The number of sessions could be one (one-time trauma) to twenty or more (long-time sexual abuse). Sometimes a one-time trauma will actually unleash another unresolved trauma that also requires resolution. The number of sessions and the pace will depend upon the client working with the therapist. But, the control of the sessions (timing, etc.) rests with the client.
Initial studies (Shapiro, 1989) and others that have followed ( case and controlled studies) and have replicated Shapiro's initial study (Wilson et al., 1995) have shown EMDR to be highly effective in treating the incapacitating memories and intense emotions associated with psychological trauma.

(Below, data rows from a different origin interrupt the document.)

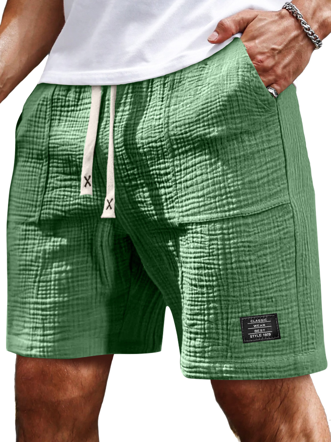 Men's Comfort Crepe Soft Simple Embroidered Label Casual Lace Up Everyday Shorts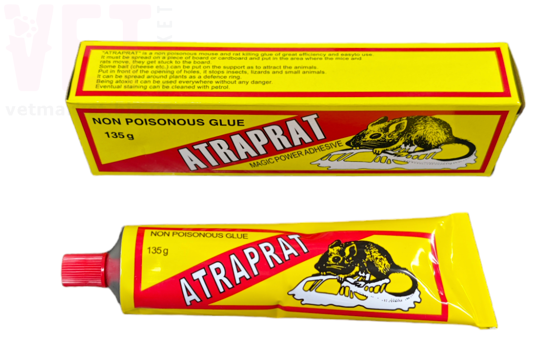 «ATRAPRAT» ("АТРАПРАТ") - нетоксичный и не ядовитый клей от грызунов (мышей, крыс) и насекомых вредителей. Обладает большой эффективностью и прост в использовании. Клей наносится на опору - кусок плотного картона или доски и помещается в область, где перемещаются мыши и крысы, насекомые-вредители; они застревают и приклеиваются к доске или картону.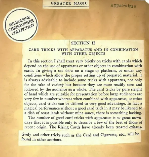 Jean Hugard – Personal Files – Apparatus
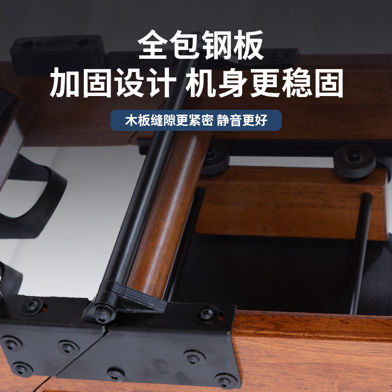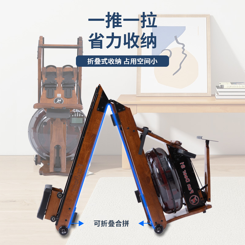 采用泰国橡胶木,实木轨,纹理清晰流畅自然美观,质地坚硬,不含人造板和贴皮,NSK轴承,持久顺滑。聚氨酯软包滚轮,顺滑舒畅,降低噪音。附带燃脂互动APP,让你身临其境,智能电子表,数据显示,一目了然,实时监控自己的运动状态,18叶桨,无级变速,机身长2.16米,折叠占地面积0.3立方米,收纳方便,不占地,解决你的空间焦虑。聚碳酸酯水箱,高透光,抗冲击,耐腐蚀,耐高温,人体工学设计,加大斜度,脚踝更舒适,减少关节损伤。更有手机平板放置槽,多档可调节脚踏,人体工学座椅等细节设计,让你畅享健康健身生活,一台机器就能锻炼全身大部分肌群。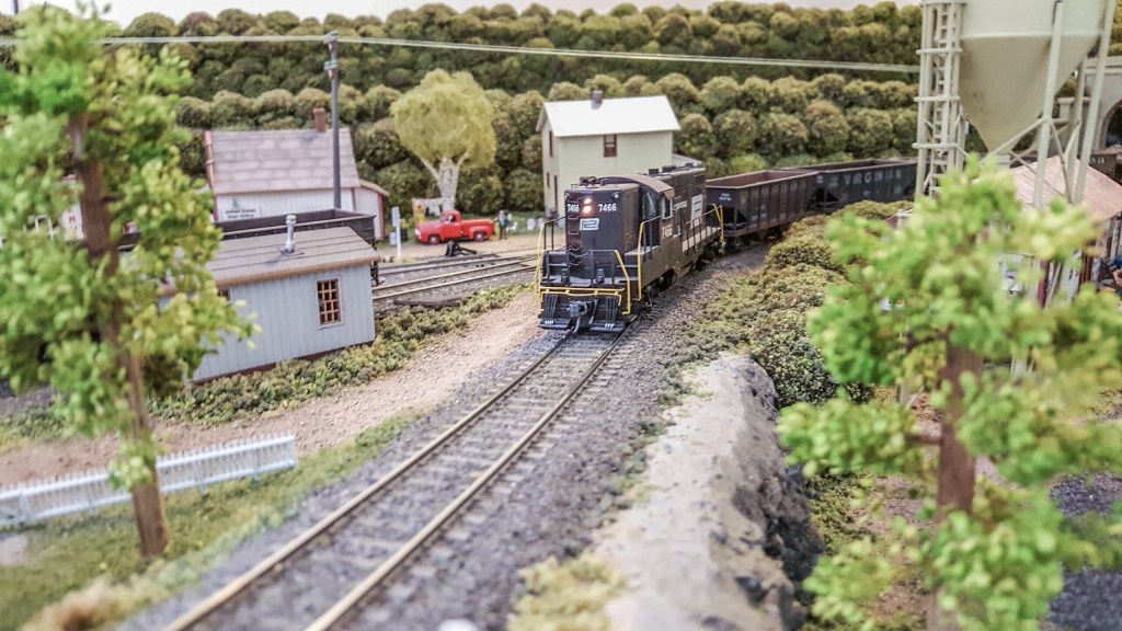 This week’s photo shows GP9 7466 climbing the grade on its way to Morris Fork with empty hoppers:

Many other therapies/techniques can also be helpful with PTSD (art, movement, and journaling) and can be integrated into the overall treatments offered. But EMDR seems to have shown itself to be a very effective tool in the treatment of traumatic, unresolved memories. (See References below.)
Although EMDR has been shown to be effective and safe, you would not want to put yourself in a situation that created more stress or premature ending of a treatment because of a poorly trained or untrained therapist.
Where can I learn more about EMDR or find a practitioner?
You can go to the EMDR Institute's website at www.emdr.com or e-mail the Institute at: inst@emdr.com . Be sure to only embark on a course of EMDR treatments with a therapist who has been trained in the EMDR techniques and has received supervision in EMDR.
Remember no one discussion or overview such as this can fully explain EMDR and is meant to provide information only for those who may be interested in EMDR and would possibly like to learn more about EMDR. No one treatment or therapy is suggested or recommended and all decisions around the kinds of treatments, help or support you might need or agree to, should rest with (you) the one seeking treatment. If you have any questions about EMDR or the possibility of traumatic symptoms, do log onto the EMDR home page for further information. If you would like to seek some general advice/clarification around traumatic experiences you may also refer to Pysch Options™ Rates/Types of Services and/or go to the Registration Site. Treatment of PTSD or traumatic symptoms cannot be done on-line and requires face-to-face therapy with a skilled therapist. (For some texts on PTSD, please see our Bibliotherapy section.) (Also see the section on PTSD within this site for more information on PTSD.)
Parnell L: EMDR in the Treatment of Adults Abused as Children. W. W. Norton, New York, 1999.
Shapiro F (1989): Efficacy of eye movement desensitization procedure in the treatment of traumatic memories. Journal of Traumatic Stress Studies, 2, pp 199--223.
Shapiro F. Eye Movement Desensitization and Reprocessing: Basic Principles, Protocols, and Procedures. The Guilford Press, 1995
Wilson SA, Becker LA, & Tinker RH (1995): Eye movement desensitization and reprocessing (EMDR) method treatment for psychologically traumatized individuals. Journal of Consulting and Clinical Psychology, 63, pp 928 -- 937.